• [What to work on]
Take the line containing "A felső szinten" and each line after it through the end of the data below, and return them exactly, minus any pictures.

• [Dataset excerpt]
-*-*-

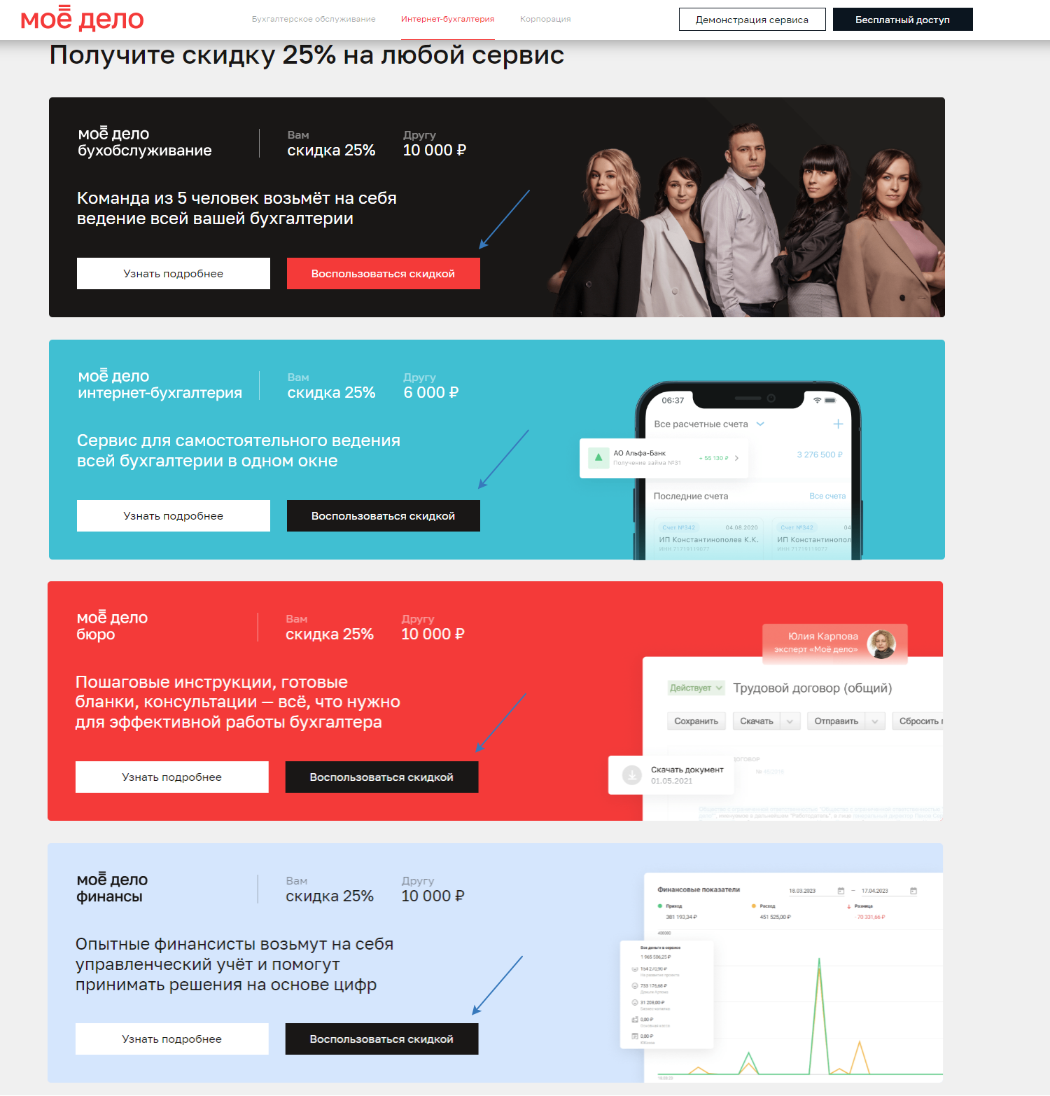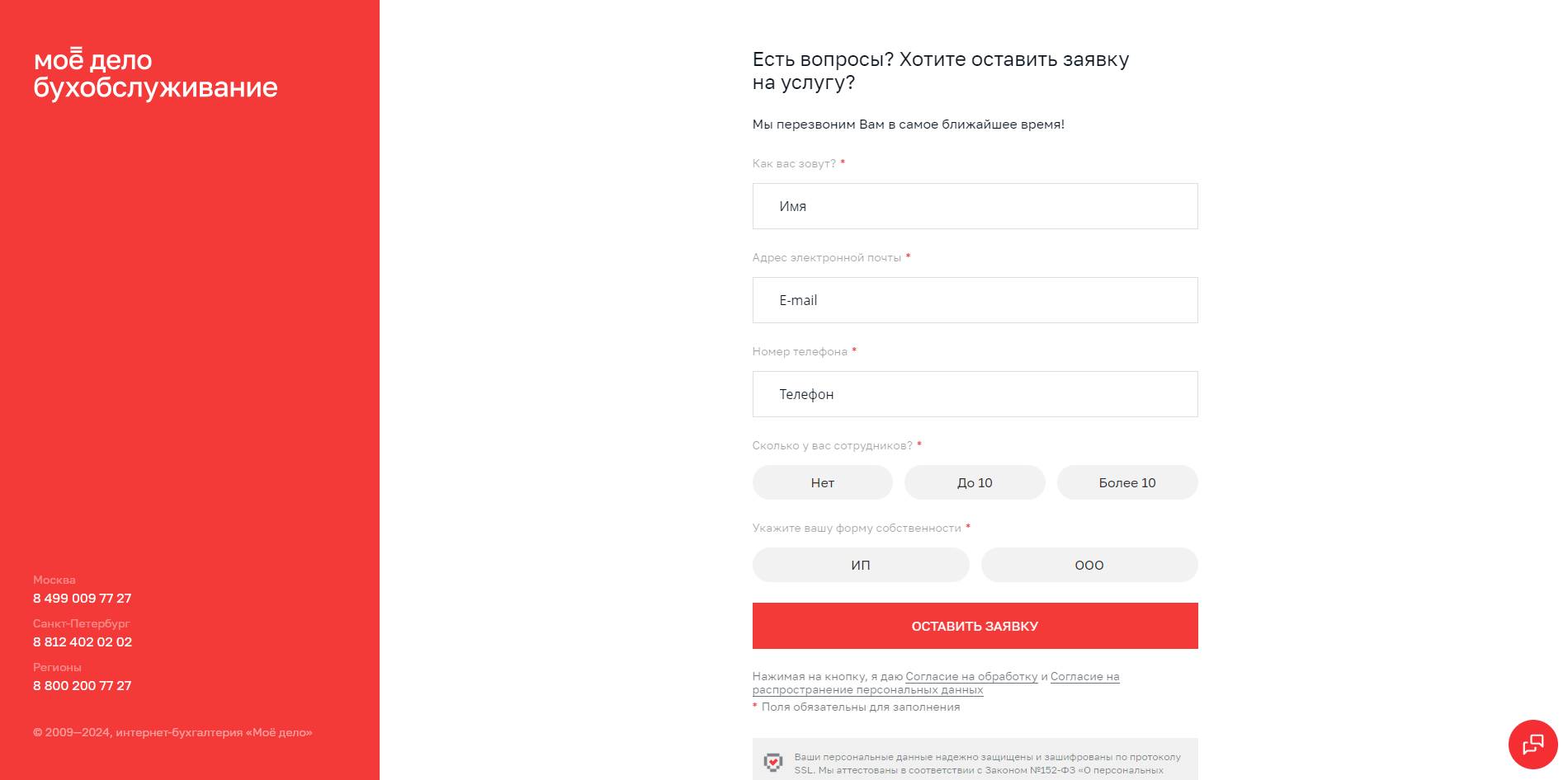 Например при выборе продукта по бухобслуживанию нужно заполнить следующие данные, нажать кнопку «Оставить заявку»:
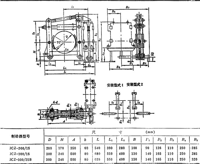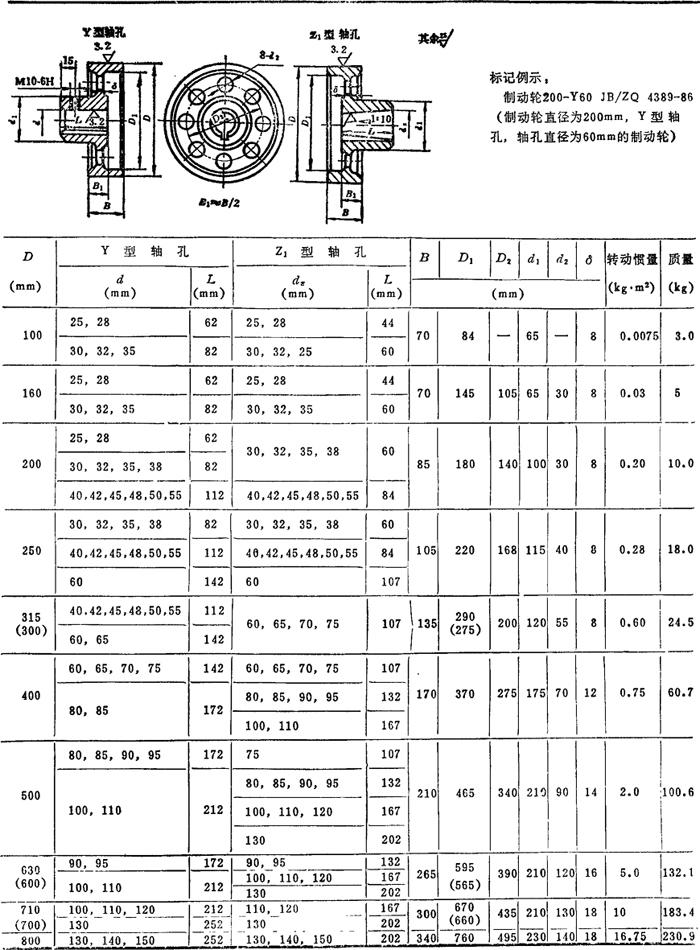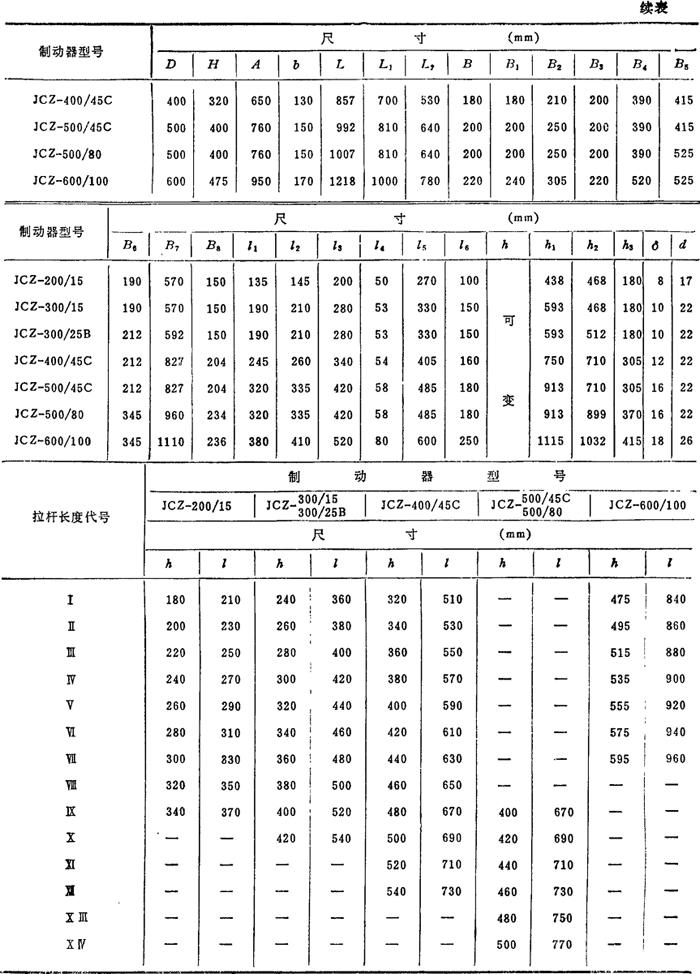 释义 | 外抱块式制动器 外抱块式制动器常用于起重运输设备等,多数为常闭式。其常用的结构形式如下: 3.1 常闭式长行程电磁液压制动器。 如图4.8-1所示,当驱动装置5中电磁线圈通电时,推杆上推,使制动臂3克服主弹簧2的推力而使制动器松闸。图4.8-2所示为主弹簧置于侧面的长行程电磁液压制动器。 1—制动瓦 2—主弹簧 3—制动臂 4—推杆 5—驱动装置 3.2 常闭式短行程电磁铁制动器。 如图4.8-3所示,其电磁铁有直流和交流电磁铁两种。图a)为交流电磁铁,动铁芯2绕轴1转动;图b)为直流电磁铁,动铁芯被吸合后可直接克服主弹簧力而松闸。 1—销轴 2、3—动铁芯 4—电磁线圈 5—驱动装置 3.3 常闭式无上框短行程制动器 如图4.8-4所示,当直流电磁铁通电吸合时,因压缩主弹簧而松闸。其特点是:弹簧力易调、磁铁间隙小(0.6~3.0mm)、动作快。 1—直流电磁铁 2—主弹簧 3—动铁芯 4—制动瓦 5、6、7—杠杆 8—销轴 9—基架 10—调整螺钉 3.4 短行程直流电磁铁块式制动器 如图4.8-5所示。 1—直角杠杆 2—调整螺钉 3—弹簧 4—手柄 5—动铁芯 外抱块式制动器的特点和应用见表4.8-5,常用的标准块式制动器的有关参数分别见表4.8-6~4.8-15。 表4.8-5 外抱块式制动器的特点和应用 注:拉杆长度根据中心高h选取。如果实长超出表内范围,允许按实际需要标注。 表4.8-13 制动轮(摘自JB/ZQ4389—86) 注:括号内尺寸不推荐使用。 |
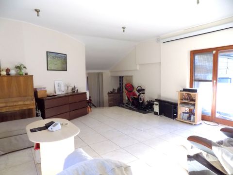 A felső szinten a nappalin kívül 2 szoba (az egyik saját terasszal és onnan lejárattal a kertbe), 2 fürdőszoba, kis konyha, nagy étkezővel, teraszkapcsolattal az alsó szinten egy kis garzon, innen közös vagy akár önálló bejárattal is megközelíthető az emelet.
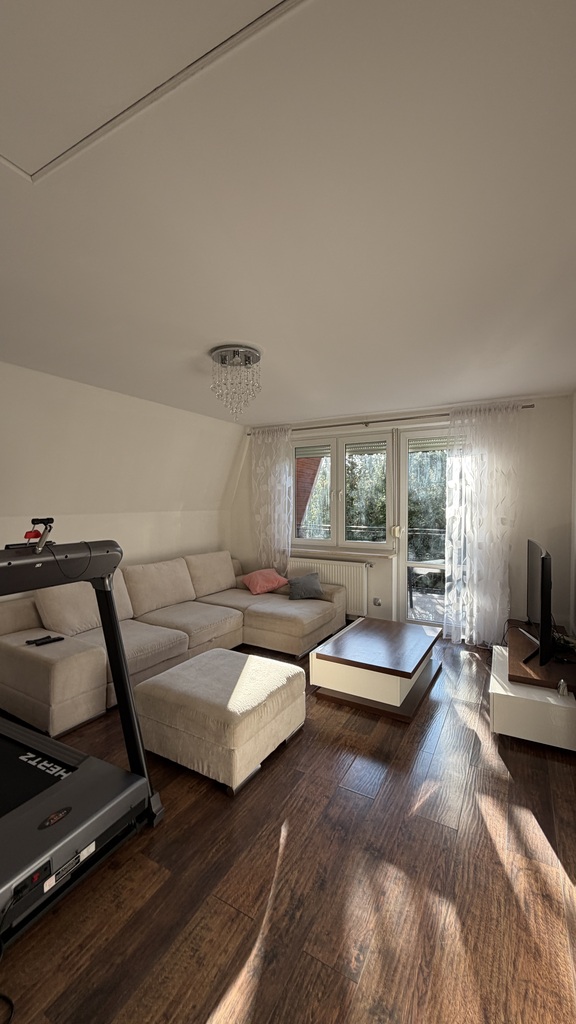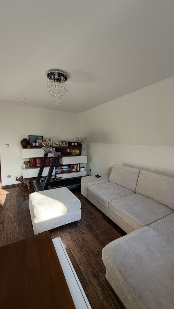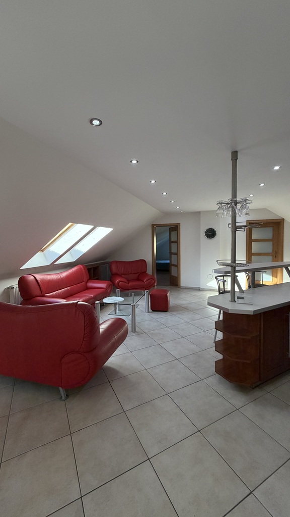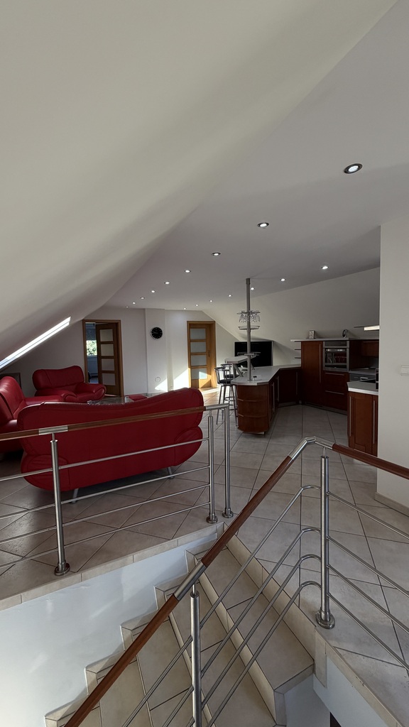 * Część mieszkalna (Poddasze - ok. 70 m²): Przestronny salon z aneksem kuchennym, 2 ustawne sypialnie oraz łazienka. Wnętrza gotowe do zamieszkania.

-*-*-

• [Your response]
 A felső szinten a nappalin kívül 2 szoba (az egyik saját terasszal és onnan lejárattal a kertbe), 2 fürdőszoba, kis konyha, nagy étkezővel, teraszkapcsolattal az alsó szinten egy kis garzon, innen közös vagy akár önálló bejárattal is megközelíthető az emelet.
 * Część mieszkalna (Poddasze - ok. 70 m²): Przestronny salon z aneksem kuchennym, 2 ustawne sypialnie oraz łazienka. Wnętrza gotowe do zamieszkania.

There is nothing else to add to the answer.